Wiel: ,,De muziek bij ons thuis in Spekholzerheide, jaren vijftig, begin jaren zestig, beperkte zich tot de Duitstalige radio Luxemburg. Sinds ik Tonie tegenkwam in 1966 heb ik enorm veel klassiek muziek gehoord. Ik heb een grote voorkeur voor liederen, vooral van Schubert. Maar ik houd ook van chansons. Woord èn muziek.”

Tonie: ,,Toen ik klein was dacht ik nog: hoe kan iemand met zoiets saais als muziek verder gaan? Ik was zestien en wilde topturnster worden. Op aanraden van een vriendje van mijn zus Margriet, die componiste is geworden, ben ik toelatingsexamen gaan doen op het Conservatorium. Alleen maar om eens een jaartje echt goed les te krijgen. Dat was meteen ook de eerste en laatste keer dat ik zonder zenuwen heb gespeeld. Want ik zat op de kweekschool, zou toch onderwijzeres worden. Jo Dusseldorp speelde een sonate van Mozart voor en ik dacht wow, dat wil ik ook. Ik wilde onmiddellijk van de kweekschool af. Thuis waren ze er niet blij mee. De piano ging op slot en ik kwam mijn bed niet meer uit. We sloten een compromis. Ik mocht van de kweek en naar het Conservatorium, maar moest tegelijkertijd naar het Avondlyceum in Heerlen. Daar kwam ik Wiel tegen.”
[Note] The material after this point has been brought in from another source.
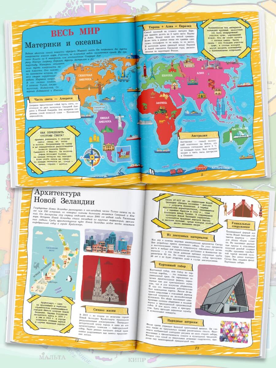 Отправиться в путешествие по материкам и островам земного шара, узнать многое о народах и странах мира, в том числе о крупнейшем на планете государстве - России, - приглашает всех любознательных ребят эта большая иллюстрированная книга с дополненной реальностью. На ее страницах вы с легкостью найдете ответы на самые разные вопросы по географии и истории, как достаточно простые, так и весьма каверзные, и сможете не только увереннее чувствовать себя на школьных уроках, но и прослыть среди сверстников настоящими эрудитами. Хотите знать, как называется главная площадь Санкт-Петербурга и под руководством какого зодчего был возведен знаменитый на весь мир собор Василия Блаженного? Какие города входят в популярный туристический маршрут "Золотое кольцо России" и кем был создан первый русский музей? Какое полезное ископаемое образно именуют черным золотом, а какое после обработки называют бриллиантом? В какой стране была придумана система регулярных парков, а в какой - созданы фантастические Сады у Залива? Какое сооружение называют "Вратами Тегерана", а какое - "Воротами Индии"? Какой замок поразительно напоминает здание Хогвардса из романов о Гарри Поттере, а какой считается домом графа Дракулы? Откройте эту книгу, рассмотрите подробные карты и зрелищные иллюстрации, прочтите важную и полезную информацию и познакомьтесь с самыми выдающимися достопримечательностями разных уголков России и мира с помощью дополненной реальности! Воспользуйтесь возможностями 4D-технологий и начните изучать нашу Родину и всю удивительную планету по-новому! Для среднего и старшего школьного возраста.| Издательство | Издательство "АСТ" |

Wiel: ,, Ik zat daar omdat ik journalist wilde worden. Ik had een briefje geschreven naar de Maas en Roerbode maar kreeg als antwoord dat ik aan Mulo-B niet genoeg had. Vandaar. Ik ben toen op kantoor gaan werken, ’s avonds naar school. Als ik een gedicht had geschreven, liet ik het Tonie lezen.”

Tonie: “Je stond naast mijn piano en moest ik stoppen met spelen om te lezen. En ik moest heel erg oppassen wat ik erover zei, want ik had het gevoel dat ik gemakkelijk iets verkeerds kon zeggen. Vaak zat Wiel te lezen als ik studeerde. Tijdens het studeren zijn er altijd een paar plekken die open zijn, waar je niet kunt komen, witte plekken. Soms vallen die onder druk, tijdens een concert, op hun plek. Dat zijn dé momenten. Voor concerten heb ik mezelf behoorlijk moeten trainen. De ene keer heb ik een heel sterk gevoel van ik kan het wel en de andere keer een hevige vorm van faalangst, terwijl de voorbereiding niet minder goed was. Wil je tien keer achter mekaar een identiek en stabiel concert horen dan moet je niet bij mij zijn. Je doet het voor die momenten dat het wel lukt en je boven jezelf uitstijgt.“

Wiel: ,,Je loopt bij Tonie altijd het risico, dat het werkelijk schitterend wordt. Maar dan ook buitengewoon. Het moet ook allemaal maar op dat ene moment lukken. Zelfs de allergrootsten sterven volgens mij duizend doden voordat ze op moeten.”

Tonie: “Mijn leerlingen op het Conservatorium hebben er baat bij, dat ik weet wat podiumangst is. Tegen hen zeg ik: zo erg als ik het heb, kan jij het niet hebben. Dat helpt.”

Wiel: “Ik en Tanneke, onze dochter, kunnen wel zeggen tegen Tonie: je kunt het, maar dat werkt niet.”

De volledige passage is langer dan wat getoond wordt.